Author Topic: Quick Combinatorics Question (Read 707 times) Tweet Share

clıppy · « **on:** November 11, 2012, 11:29:44 am »

I've got this question that I just can't figure out:

There are 5 vowels and 21 consonants in the English alphabet. How many different four-letter 'words' can be formed that contain two different vowels and two different consonants?

The answer is apparently 11,025 but i got 50,400, can anyone explain this to me?

b^3 · « **Reply #1 on:** November 11, 2012, 01:00:17 pm »

These 'words' can have the vowels and consonants in any order.
So that is we can have (where v is a vowel and c is a consonant)

$\begin{bmatrix}v\end{bmatrix}\begin{bmatrix}c\end{bmatrix}\begin{bmatrix}v\end{bmatrix}\begin{bmatrix}c\end{bmatrix}$
$\begin{bmatrix}v\end{bmatrix}\begin{bmatrix}v\end{bmatrix}\begin{bmatrix}c\end{bmatrix}\begin{bmatrix}c\end{bmatrix}$
$\begin{bmatrix}v\end{bmatrix}\begin{bmatrix}c\end{bmatrix}\begin{bmatrix}c\end{bmatrix}\begin{bmatrix}v\end{bmatrix}$
$\begin{bmatrix}c\end{bmatrix}\begin{bmatrix}v\end{bmatrix}\begin{bmatrix}c\end{bmatrix}\begin{bmatrix}v\end{bmatrix}$
$\begin{bmatrix}c\end{bmatrix}\begin{bmatrix}c\end{bmatrix}\begin{bmatrix}v\end{bmatrix}\begin{bmatrix}v\end{bmatrix}$
$\begin{bmatrix}c\end{bmatrix}\begin{bmatrix}v\end{bmatrix}\begin{bmatrix}v\end{bmatrix}\begin{bmatrix}c\end{bmatrix}$

Now the number of ways we can arrange the first row is
$\begin{bmatrix}5\end{bmatrix}\begin{bmatrix}21\end{bmatrix}\begin{bmatrix}4\end{bmatrix}\begin{bmatrix}20\end{bmatrix}$
We minus 1 the second time because we can't use the same vowel or the sam consonant twice.
If we do the same for the second row we get
$\begin{bmatrix}5\end{bmatrix}\begin{bmatrix}4\end{bmatrix}\begin{bmatrix}21\end{bmatrix}\begin{bmatrix}20\end{bmatrix}$

So as we can see all the rows will have $21\times20\times5\times4$ options, and we have six rows.
So the total number of 'words' that can be formed is $6\times21\times20\times5\times4=50,400$

Thats probably a more intutive way of doing it, but it still gets the answer

clıppy · « **Reply #2 on:** November 11, 2012, 01:02:53 pm »

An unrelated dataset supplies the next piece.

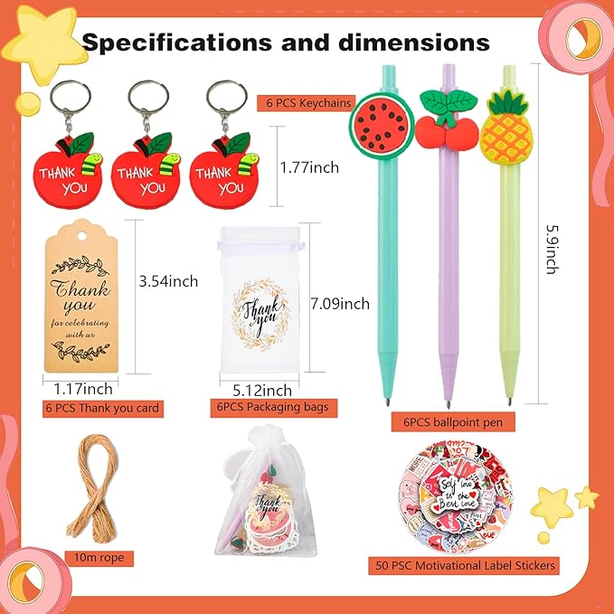 • 1.Sufficient Quantity: you will receive 74 pcs contains 6 motivational teacher pens, 6 teacher keychains, 6 thank you cards, 50 motivational stickers, 6 cable ties and 6 mesh drawstring bags, Sufficient quantity and various styles, enough to meet your needs of sharing with others

So the answer is 50,400 not 11,025 making the back of the book wrong. Thanks b^3

b^3 · « **Reply #3 on:** November 11, 2012, 01:07:37 pm »

Quote from: noclip on November 11, 2012, 01:02:53 pm

So the answer is 50,400 not 11,025 making the back of the book wrong. Thanks b^3

Oh wait... I read what you said wrong before... give me a minute, I'm probably wrong too...... (still waking up...)

EDIT: I think it looks right.... unless someone else can find something wrong with it.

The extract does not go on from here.